舉例，「abca」和「cba」相似，因為他們都是由字串「a」、「b」、「c」所組成。
然而，「abacba」和「bcfd」不相似，因為他們不是由相同的字串組成。
回傳滿足 0 <= i < j <= word.length - 1 且 words[I] 和 words[j] 兩個字串相似的配對(i, j)數量。

Example 1:

Input: words = ["aba","aabb","abcd","bac","aabc"]
Output: 2
Explanation: There are 2 pairs that satisfy the conditions:
- i = 0 and j = 1 : both words[0] and words[1] only consist of characters 'a' and 'b'. 
- i = 3 and j = 4 : both words[3] and words[4] only consist of characters 'a', 'b', and 'c'. 

Example 2:

Input: words = ["aabb","ab","ba"]
Output: 3
Explanation: There are 3 pairs that satisfy the conditions:
- i = 0 and j = 1 : both words[0] and words[1] only consist of characters 'a' and 'b'. 
- i = 0 and j = 2 : both words[0] and words[2] only consist of characters 'a' and 'b'.
- i = 1 and j = 2 : both words[1] and words[2] only consist of characters 'a' and 'b'.

Example 3:

Input: words = ["nba","cba","dba"]
Output: 0
Explanation: Since there does not exist any pair that satisfies the conditions, we return 0.

Solution:
首先，我們從題目給的例子中，我們需要整理 word 中的字串，
我們發現 “abca”, “cba” 移除重複之後的 “a”, “b”, “c” = “abc” ，
是相似的組合可以進行配對。
而要達成這個判斷，我們會需要一個表，一個紀錄字串組合與次數的表。
(ex. 這裡我用 HashMap (雜湊結構) 會比 HashTable (物件操作)的做法，在存取上更有效率。)
接著我們就要計算 map 中每個字母組合出現的次數，這裡用簡單的組合公式(n * (n – 1)) / 2，來快速計算兩兩配對的數量。
(ex. 組合公式 C(n,2) = n * (n − 1) / 2 ，從 n 個元素中任選 2 個，不分順序的組合數)

Code 1: BigO(n)

function similarPairs(words: string[]): number {
    const map: Map = new Map();
    let pairs: number = 0;
    for (const word of words) {
        const key: string = [...new Set(word)].sort().join("");
        map.set(key, (map.get(key) || 0) + 1);
    }    
    for (const count of map.values()) {
        pairs += (count * (count - 1)) / 2; 
    }
    return pairs;
};

FlowChart:
Example 1

Input: words = ["aba","aabb","abcd","bac","aabc"]
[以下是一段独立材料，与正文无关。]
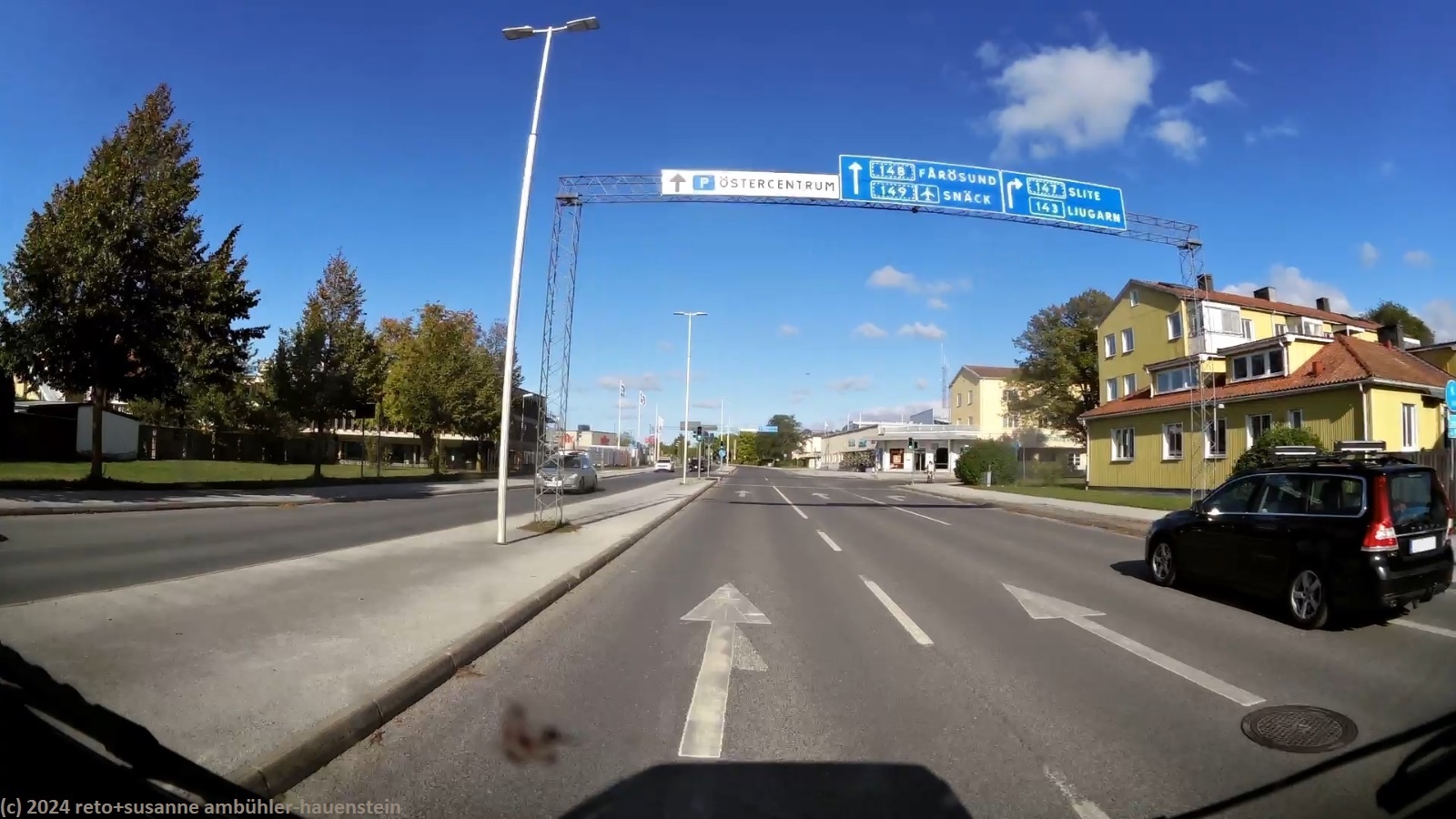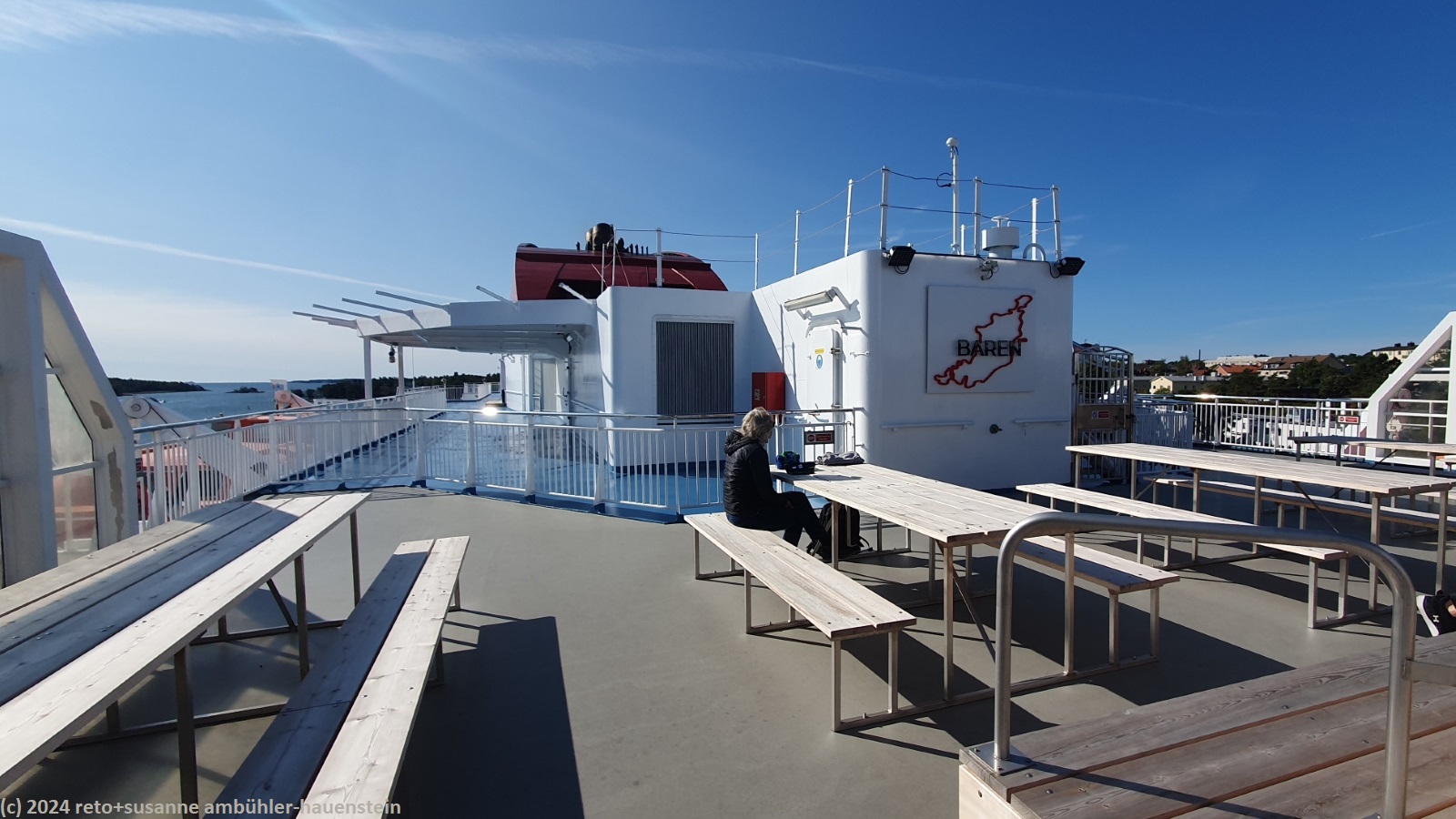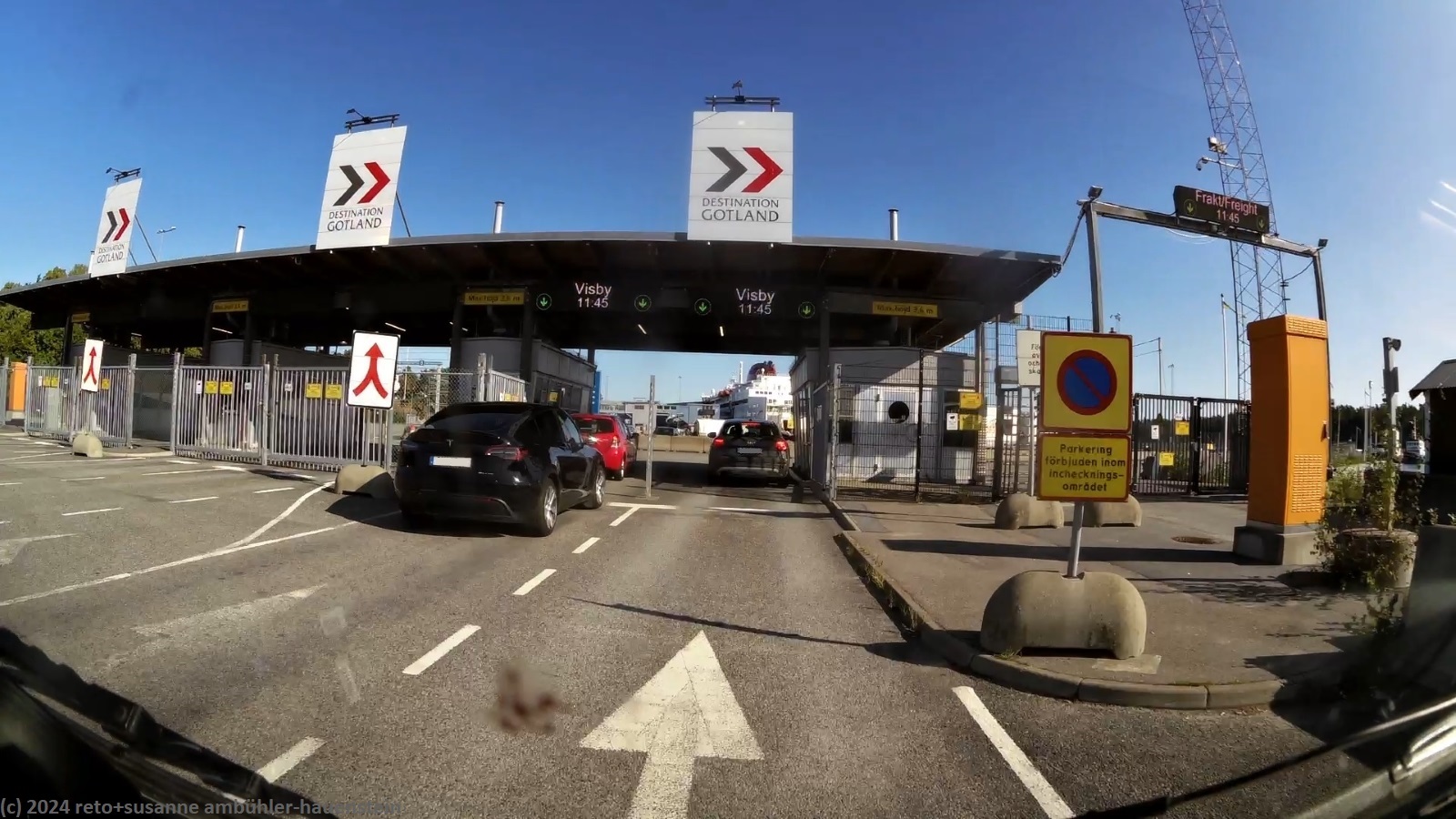 unser handy weckt uns um 07:30 uhr. wieder erwartet uns ein strahlend blauer himmel, so dass wir im freien frühstücken können. wie geplant machen wir uns um 09:30 uhr auf den weg richtung nynäshamn. erst geht es bei regem verkehr über die strasse 274 westwärts. vorallem in der gegenrichtung sind viele autos unterwegs. viele stockholmer machen wohl an diesem sonnigen tag einen sonntagsausflug heraus aus der stadt. bei arninge tanken wir unseren wagen auf, dann geht es auf der autobahn E18 richtung schwedens hauptstadt. erstaunlicherweise schlägt unser navi vor, mitten durchs stadtzentrum zu fahren. uns scheint das keine so gute idee, wir folgem deshalb dem autobahnring E20 und umfahren die stadt. auch hier herrscht dichter verkehr, aber wir kommen sehr gut voran, so dass wir unseren entscheid nicht bereuen. südlich der stadt geht es auf der autobahn 73 südwärts richtung nynäshamn. der verkehr nimmt rasch ab, nachdem wir die 70er-zone endlich hinter uns haben, geht es zügig vorwärts. kurz vor 11 uhr sind wir im hafen von nynäshamn. der check-in geht problemlos. noch bleiben knapp 45 minuten bis zur fahrplanmässigen abfahrt. susanne liest im auto, ich schreibe tagebuch. plötzlich setzen sich die fahrzeuge vor uns in bewegung. rasch nehme ich hinter dem steuer platz und fahre an bord.

map Map(3) { 'ab' => 2, 'abcd' => 1, 'abc' => 2 }

count 2, pairs 1
count 1, pairs 1
count 2, pairs 2
return pairs // 2

Example 2

Input: words = ["aabb","ab","ba"]

map Map(1) { 'ab' => 3 }

count 3, pairs 3
return pairs // 3

Example 3

Input: words = ["nba","cba","dba"]

map Map(3) { 'abn' => 1, 'abc' => 1, 'abd' => 1 }

count 1, pairs 0
count 1, pairs 0
count 1, pairs 0
return pairs // 0